March 8, 2026 0 Blog Yuvraj
Are Millets Suitable for Everyday Consumption

Millets are having a well-deserved comeback in Indian households. From government campaigns to celebrity nutritionists, everyone seems to be talking about jowar, bajra, ragi, and their extraordinary health benefits.

But alongside this revival, a wave of confusion has also emerged.

"Aren't millets cooling? Can I eat them in summer?" "I heard millets affect the thyroid — is that true?" "My doctor said not to eat too many millets." "Millets are only for people trying to lose weight, not for everyday use."

If you have heard any of these and found yourself unsure what to believe, you are not alone.
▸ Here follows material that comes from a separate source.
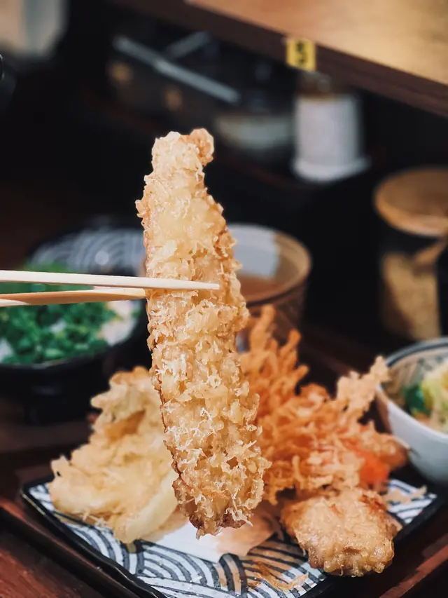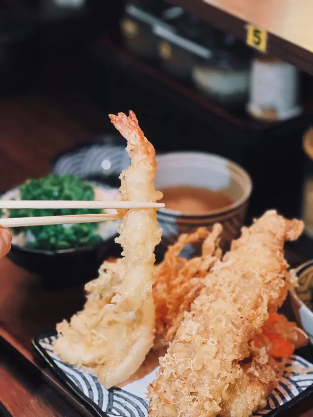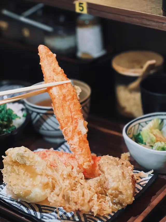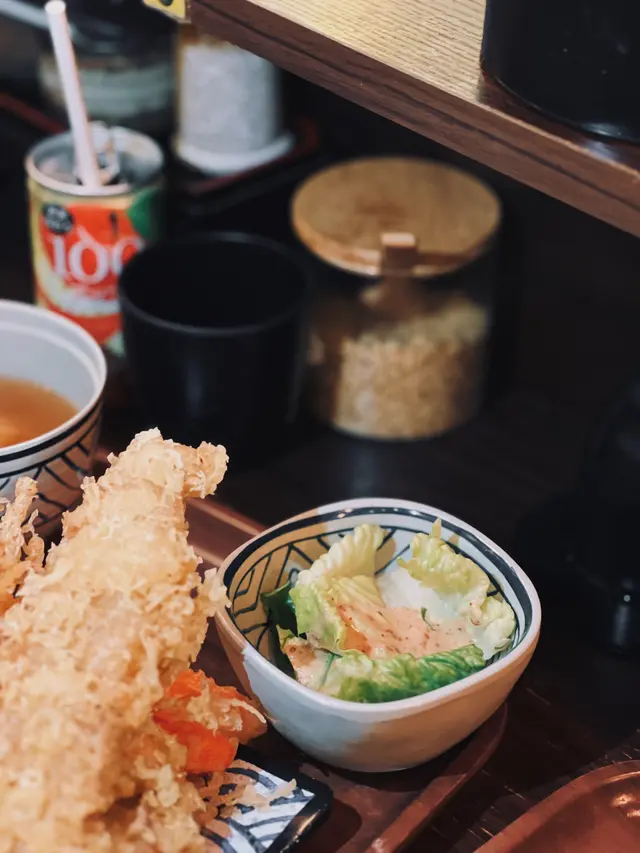 最正係呢度有自選天婦羅定食,只係$30起,真係勁抵食🔥!岩晒有選擇困難症既人,可以樣樣都叫黎食。我地飯底+$8轉左香蔥牛油飯,爆多蔥粒鋪係飯上面,加埋牛油香,撈勻之後每一啖都充滿蔥香同油香,未食餸都扒左半碗飯🍚。天婦羅方面,穴子+$22必叫,成大條上碟,魚肉好綿密;珍寶蟹柳+$18真係珍寶size,絲絲分明好有口感🦀;鱚魚+$18我都係第一次食,魚味幾鮮甜,口感好滑;黑虎蝦+$12爽口彈牙,炸漿夠薄;雞肉+$12嫩滑吾柴;金菇+$8炸到好似扇咁,咬落去脆卜卜好過癮🍄。
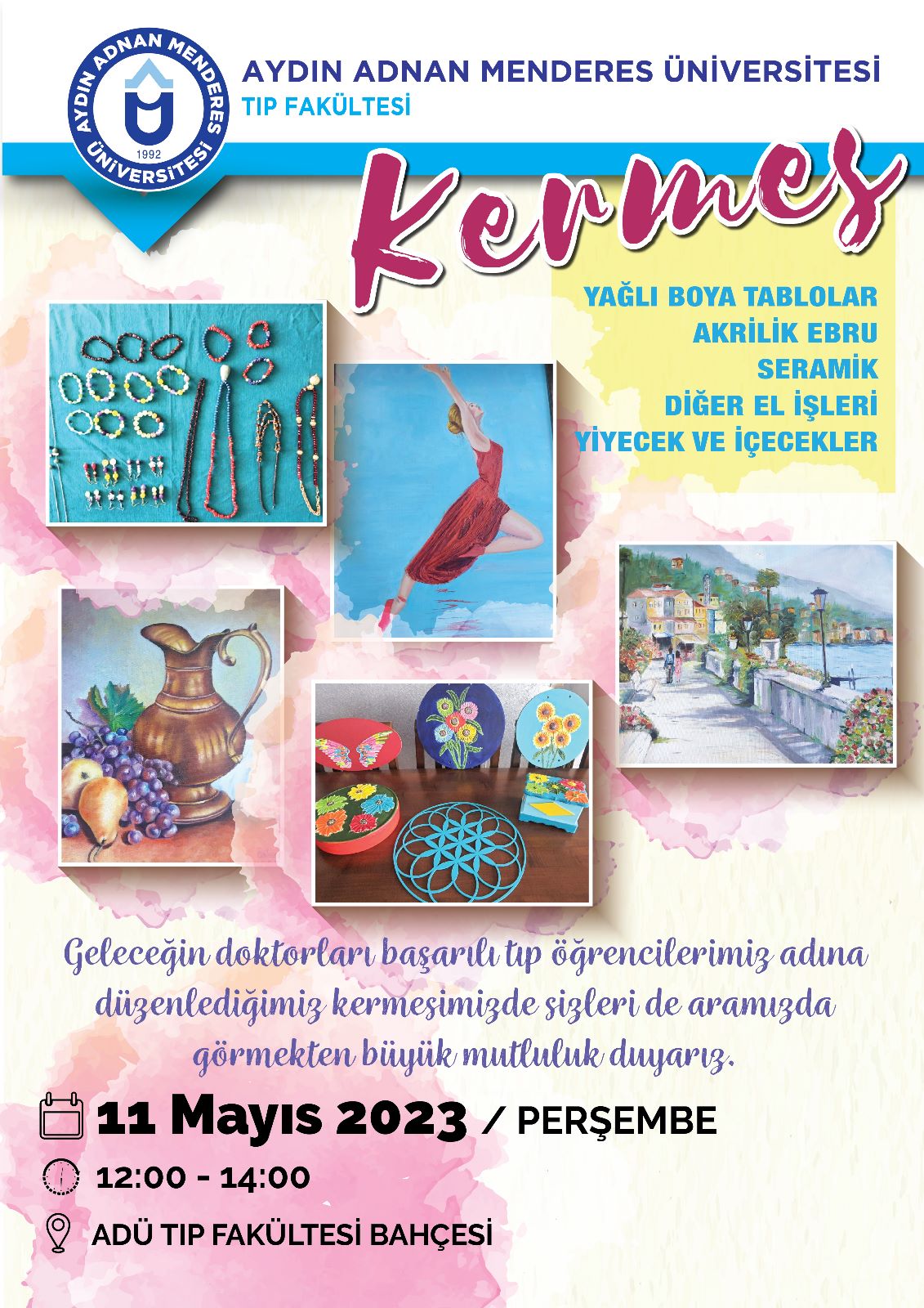 11 Mayıs 2023 PerÅŸembe günü12:00-14:00 saatleri arasında Fakültemiz bahçesinde geleceÄŸin doktorları baÅŸarılı tıp öÄŸrencileri yararına geleneksel kermes etkinliÄŸi düzenlenecektir. Tüm üniversite personelimiz davetlidir.

Millets, despite being one of India's oldest and most nourishing staple grains, are surrounded by more myths than almost any other food today.

This blog is here to set the record straight — clearly, factually, and practically.


Why the Confusion Exists in the First Place

When a food transitions from being considered "traditional and rustic" to being labelled "superfood," two things happen simultaneously. Genuine scientific interest grows. And so does misinformation.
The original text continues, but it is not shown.